Once I can spend 10k to run Opus 4.6 at home, I'm done.
I find what makes frontier models actually work well isn't just the capability of the model, but how well the harness is tuned to its expectations. I wrote a about this in a bit more detail here. https://yogthos.net/posts/2026-06-08-dirge-code.html
I really like the idea of small models that can reason but do not have too much knowledge. Also, no emphasis on tool calls. I think the agent should do the heavy lifting and reach half way.
I use really small models, like Qwen 3.5 0.8B to 9B - no tool calling, no MCP, no skills, nothing. No multi-turn chat even. Models are given very specific tasks using a vast number of system prompts and all the response handling is done in the agent(s).

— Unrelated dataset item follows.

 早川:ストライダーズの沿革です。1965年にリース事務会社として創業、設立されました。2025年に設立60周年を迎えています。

That's also more aligned to its leetcode style training data, the code under test is fully in the context window. It might be interesting to have a bigger tool use model go through the effort of collecting the context, and feeding it into this kind of model for analysis only. It becomes more of a thinking tool, instead of the orchestrator.
I think the only way to prove that these models are truly as good as they claim is to wait and see if they are getting adopted in practice.

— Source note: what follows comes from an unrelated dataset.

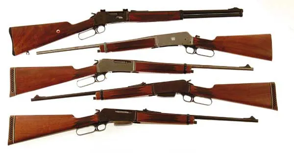 *COLLECTION OF TEN US MADE BROWNING BLR RIFLES. In the early 1960’s Browning began searching for a design for a rifle to compete with the Winchester Model 94, under the Browning name. They contracted with a brilliant firearms designer, named Karl Lewis, to design for Browning such a rifle. In a short period of time, Mr. Lewis had perfected his design and produced a prototype rifle with 19-1/2″ round bbl, full magazine tube with a front band similar to a Winchester. It was designed with a flat side receiver and a loading gate in the bottom. The lever was 1-pc with integral trigger that moved with the lever. Mr. Lewis designed a round 1-pc solid rotating bolt specifically for this rifle. This bolt became a subsequent bone of contention between Browning and Lewis when Lewis wanted the patent rights to it. Browning simply redesigned the bolt into a 2-pc system and gave Lewis a cash settlement. The rifle was redesigned during its testing stage and the original sample has a 1/4″ spacer in placed at the rear of the ejection port. It also has other small modifications done to the right side of the receiver. Lewis’ original design has a heavy machined forearm band that is not reminiscent of anything previously known. Browning contracted with the TRW Corp. of Cleveland, OH to continue with design and production of this rifle. Over a two year period that Browning and TRW were working to perfect this design, it is estimated that all together only approximately 250 “MADE IN USA” Browning lever action rifles were ever made, although there were pieces and parts for possibly up to 400 more, in various stages. Of these, only about 50 were ever delivered to Browning for inspection. Just 16 of them were accepted with the remaining 34 rejected. Four of them were sent to FN for testing and pattern use, and subsequently returned to Browning. Three were sent to the Browning Arnold, MO facility. Two of the 16 were presented to the Browning R & D Historical Library and two were disposed of. The nine remaining rifles, including the four FN test rifles and the original Lewis pattern rifle, along with tubular magazine, remained at the Utah Facility until 1981 when FN bought Browning. At that time, the 34 rejected rifles were returned to PRW for re-work or disposal. The 9 remaining rifles were subsequently sold to a local gun dealer who offered them for public sale, along with to the original Karl Lewis rifle. These 10 rifles represent the only known legal sales of “MADE IN USA” Browning lever action rifles, although TRW made a number of presentations to executives and several were apparently obtained VIA the “LUNCHBOX SPECIAL” method. This lot is accompanied by a 7-page article by William G. Fohrman from the 1992 “GUN DIGEST”, giving great detail on the development and production of U.S. made Browning lever action rifles. 1) This rifle has an 8-5/16″ long “H”-style checkered forearm, straight stock with checkered wrist and an unusual cast aluminum buttplate. It also has a 1/2″ tack in the left side of the buttstock with the number “96” etched on it and it has a tiny sling swivel. There is the number “B7″ stamped on the bottom of the receiver, just forward of the loading port and that may be the SN. The right side of the receiver has a black and silver Browning property tag No. 1892. CONDITION: Excellent. Metal retains 96-98% strong original blue with a couple of touched up modifications on the right side of the receiver. The wood is sound and retains most of its original finish on the forearm while the buttstock finish has alligatored. Bright shiny bore. 2) SN 6K01001. This is the first production sample made at TRW in Cleveland, OH. It is in Cal. 243 with 20” tapered round bbl, ramp front sight and standard Browning rear sight. It has a flat sided checkered forearm and straight stock with checkered wrist and Browning waffle pad. It also has the early 1st-style American magazine with checkered side panels, still in the white. The right side of the bbl is marked with the SN, “MADE IN USA” and “PATENT PENDING”. CONDITION: Excellent. Retains about all of its original factory finish to both metal and wood with only minor handling and storage nicks and scratches. 3) SN 6K1002. Cal. 243. This is the 2nd production sample produced at TRW and is identical to #2 above, with the same dimensions and configuration. It also has the 1st-style magazine with checkered side panels and is blued. CONDITION: Excellent, plus. Retains about all its original factory finish to both metal and wood with only minor handling and storage nicks and scratches. 4). SN 6K01015. Cal. 243. This is a factory cut-away in the same configurations as #2 & #3 above with both sides cut away to expose the inner workings, probably not as a salesman display but as an engineering tool. The chamber is also cutaway and therefore, this is not to be considered a firearm. CONDITION: Excellent, as stated, retains most of its original factory finish with a cleaned area on the right side of the receiver and light freckling of rust on the left side. Fine wood with minor nicks and scratches. No magazine. 5) SN 6K01036. Cal. 308. Identical to #2 above with the same configuration. CONDITION: Appears to be new, unfired retaining about all its original factory finish to both metal and wood. Missing the magazine. 6) SN 6K01256. Cal. 243. Identical to #2 above with the same configuration. CONDITION: Appears to be new, unfired retaining all its original factory finish to both metal and wood. Missing the magazine. 7) SN 6K01633. Cal. 308. Reported as an Fabrique Nationale (FN) tooling pattern rifle identical to #2 above with Belgian proofs on the left side of the receiver and bbl. It is apparently a rifle made at TRW and shipped to FN when Browning transferred the contract to them for production. CONDITION: As new, appears to be unfired retaining all its original factory finish to both metal and wood. 8) SN 6K02322. Cal. 243. Id

Seems like a really good model to use in an IDE when you still want control over the code structure then.
VibeThinker-3B is developed through a staged post-training pipeline built upon Qwen2.5-Coder-3B base, a compact 3B foundation model.
Qwen2.5 is ancient by LLM standards.This. Is. Amazing. I am flabbergasted.

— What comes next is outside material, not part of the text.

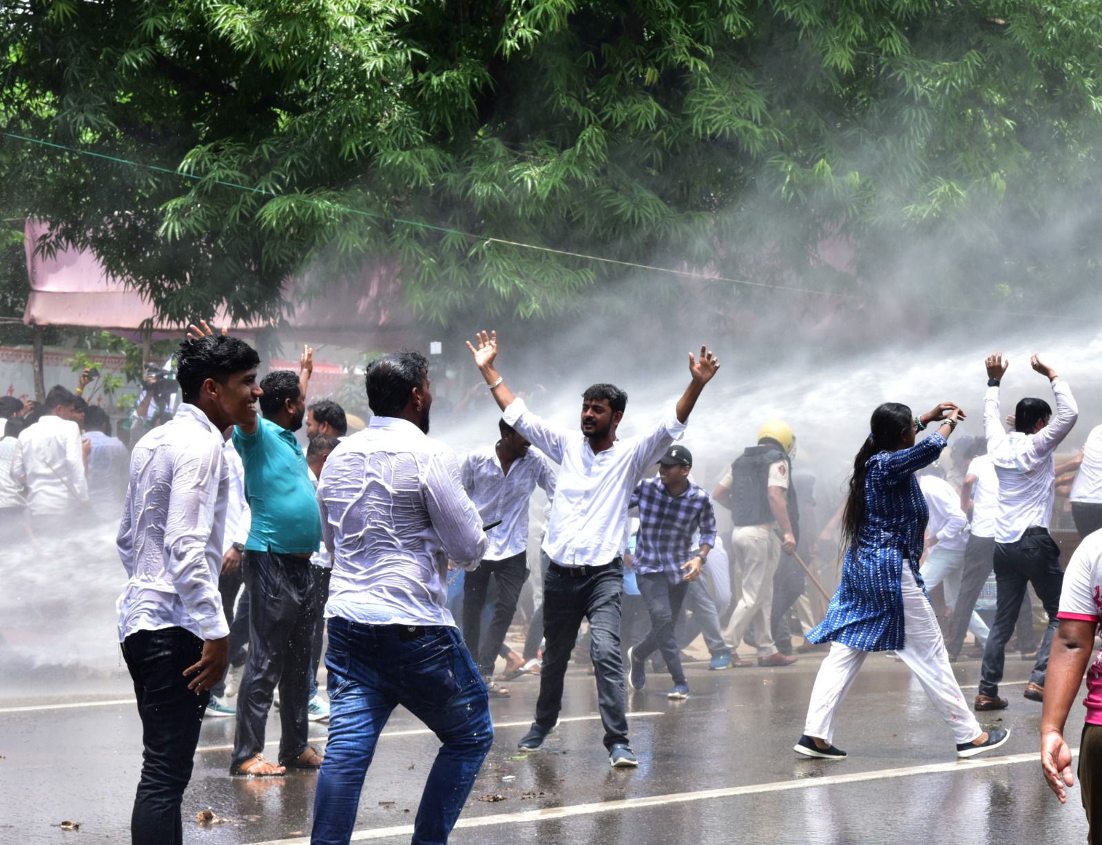 ଭୁବନେଶ୍ୱର ଲୋକସେବା ଭବନ ନିକଟରେ ପ୍ରତିବାଦ କରୁଥିବା ବିଜେଡି କର୍ମୀଙ୍କ ଉପରେ ପୋଲିସର ପାଣି ପ୍ରୟୋଗ

I am not into the whole GenAI thing and I have very little need for anything agentic, but Python, C++ and Maths is exactly what I mostly used these for, so this might actually become my main work horse. This is so cool.
I even used it for stuff it is not built for, asking complex qustion on history (Battle of Tours 732) and literature (Joyce’s Portrait of Artist) and it was surprisingly good, even though it started to hallucinate names and details (such as claiming Joyce’s father was a priest). For 3B I expected it to mainly spout complete nonsense.
Its meant for a Windows machine using ollama but I'm sure anyone who wants to mess with it can point claude code at it to convert it for your own operating system and requirements. After install you can ask it to do something with "vibe 'create me a poem about cheese in cheese.txt'" its workspace is by default the directory the cli was located in when you called it.
A alot randomness in it
Please don't hype
It surely cannot be justified only for training at this scale, and since models nowadays are improved more and more by fine tuning than re-training from scratch.
Will a viable local model crash the US economy ?
More importantly, are the LLM companies aware, and are they deliberately buying out all the RAM and GPUs in order to prolong the inevitable ? Probably not, but I wouldn't be surprised if that is the case.
It might appear not, but actually, the process of reasoning is not an isolated act. The right and wrong way of doing things is codified in social evolution that absorbed all facets of life. Why should you optimize a piece of code for performance? Why performance is needed? What is a bug? What features and UI themes would be more intuitive for humans?
There is a butterfly effect. Everything affects everything to some extent.